Model.train and requires_grad

(Sreenivas V Rao) #1

Hi all,

I’m not getting the usage of model.train(False) and param.requires_grad(False).

It seems to me that if I execute the following:

class Test(nn.Module):

    def __init__(self):
        super(Test, self).__init__()
        for param in self.parameters():
            print param.requires_grad


I should get False for param.requires_grad. I get True however.

So what’s the difference between model.train(False) and:

for param in self.parameters():
     param.requires_grad = False


What are the best practices when trying to initialize a model and freeze weights?


(colesbury) #2

It’s a bit confusing, but model.train(False) doesn’t change param.requires_grad. It only changes the behavior of nn.Dropout and nn.BatchNorm (and maybe a few other modules) to use the inference-mode behavior. This disables the stochastic behavior of Dropout and using the running_mean/var in BatchNorm instead of batch statistics.

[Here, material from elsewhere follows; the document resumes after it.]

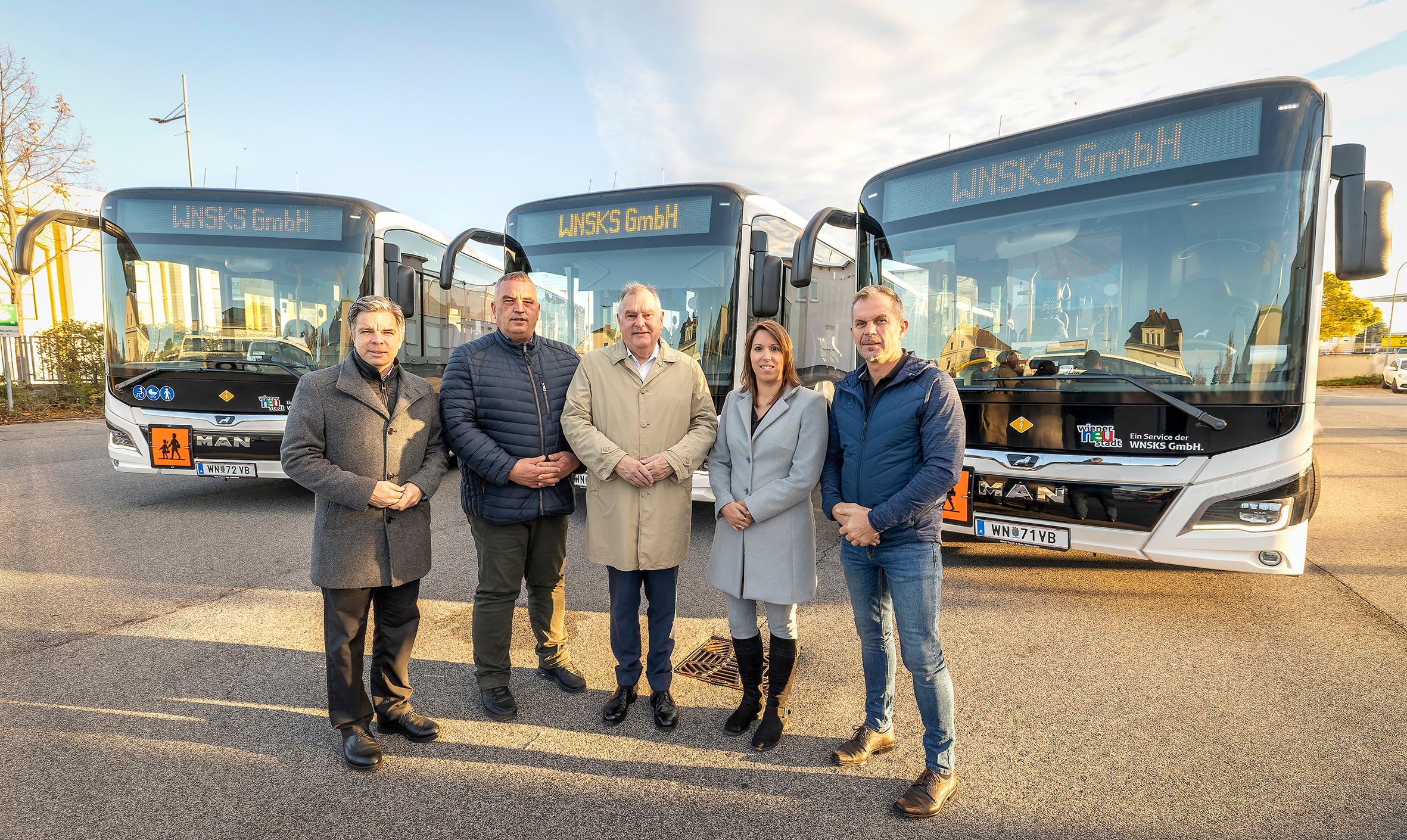 Im Wiener Neustädter Stadtgebiet kommen drei neue Busse zum Einsatz: Die MAN Efficient Hybrid Niederflurbusse - zwei mit 12 Metern (drei Türen) und einer mit 18 Metern Fahrzeuglänge (vier Türen) - bieten einen stufenlosen Einstieg bei allen Türen und Barrierefreiheit für die Fahrgäste.
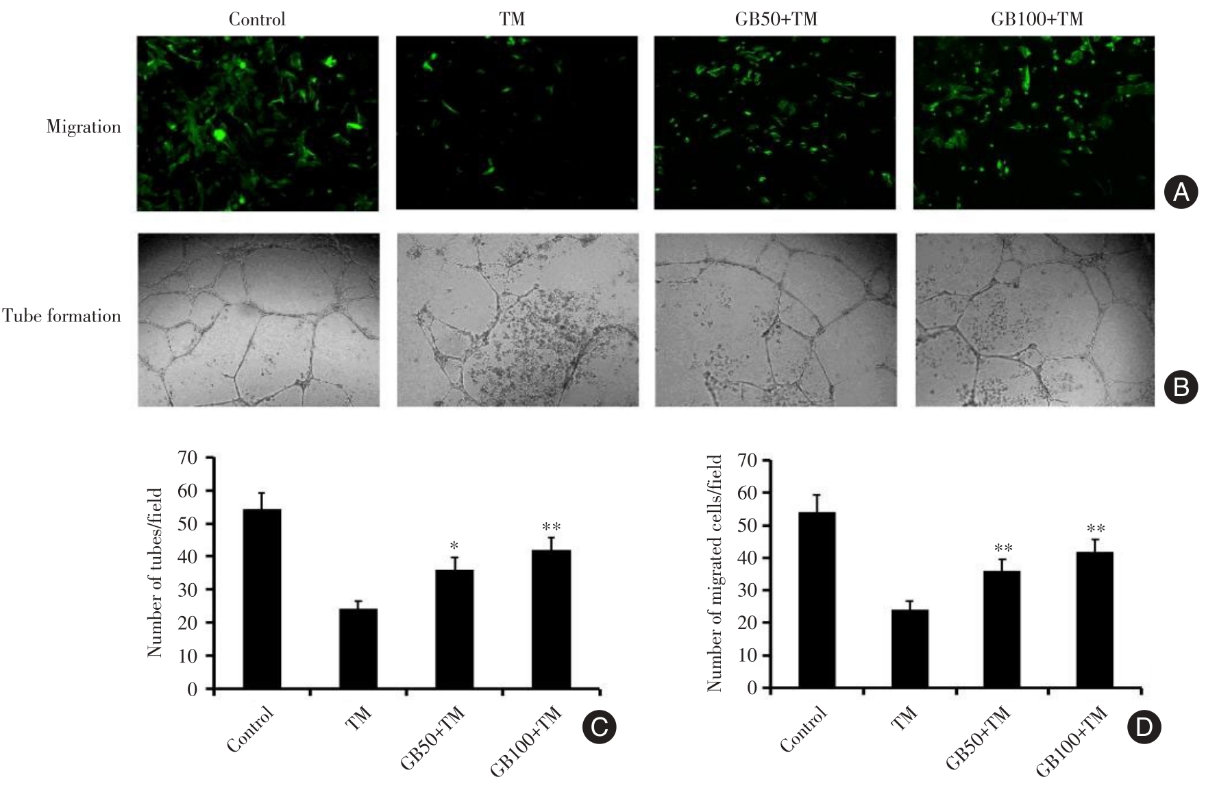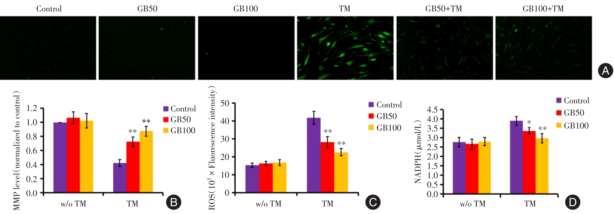 Objective To investigate the potential of ginkgolide B (GB) in mitigating vascular endothelial injury by antagonizing endoplasmic reticulum stress (ERS) and elucidate its underlying molecular mechanism. Methods An injury model of human bone marrow?derived endothelial progenitor cells (EPCs) induced by tunicamycin (TM) was established. Cell proliferation was assessed using MTS assay, while cell viability was determined through Calcein?AM/EthD?I double staining. Transwell assay was employed to evaluate cell migration ability. DCFH?DA staining was utilized to measure intracellular ROS levels, and NADPH activity was quantified via ELISA. JC?1 and DiOC6 staining were performed for qualitative and quantitative assessment of mitochondrial membrane potential respectively. Qrt?pcr analysis was conducted to determine mRNA expression levels, whereas western blot analysis enabled detection of protein expression levels in the cells. Results GB dose?dependently attenuated tunicamycin?induced ERS?mediated endothelial injury in hEPCs, as evidenced by decreased cell viability, impaired cell migration, and angiogenesis inhibition (P < 0.01). Furthermore, GB treatment significantly reduced ROS production and NADPH levels within the cells (P < 0.01), while also inhibiting ERS?mediated decline in mitochondrial membrane potential concentration?dependently (P < 0.01). Additionally, GB inhibited the expression of ERS?related proteins such as GRP78, ATF4, CHOP etc., regulated apoptosis?related protein Bcl?xl, Bax cleaved caspase?4 cytochrome c; thereby effectively counteracting endoplasmic reticulum stress?induced cellular damage. Conclusions GB exerts a protective effect on vascular endothelium by antagonizing endoplasmic reticulum stress; this mechanism may be attributed to its ability to reduce intracellular reactive oxygen species levels. It also suppresses the expression of ERS?related proteins (CHOP78 and ATF4),and modulates apoptosis?associated proteins (Bcl?xl, Bax, cleaved caspase?4, and cytochrome c).

If you want to freeze model weights, you should use the code snippet you wrote above:

for param in model.parameters():
     param.requires_grad = False

Depending on how you want BatchNorm to behave, you may want to call model.train(False) or call it on some sub-module of your model.

(Sreenivas V Rao) #3

Yeah, I ended up asking a friend. Maybe the documentation needs to be clearer on this. And just to follow up, param.requires_grad=False will make the optimizer throw a fuss unless you explicitly set it to only optimize those parameters that require gradient.


I was wondering if we need to do something for the optimizer to make optimizer not change the parameter of the freezed layer? Like:

torch.optim.Adam(filter(lambda p: p.requires_grad, self.netG.parameters()),,
                                                betas=(opt.beta1, 0.999))



I just have a try on requires_grad and params_groups in optimizer.

Set requires_grad=False can no longer calculate gradients of the related module and keep their grad None. Configuring optimizer can make the params don’t update in opt.step() but their gradients still calculate.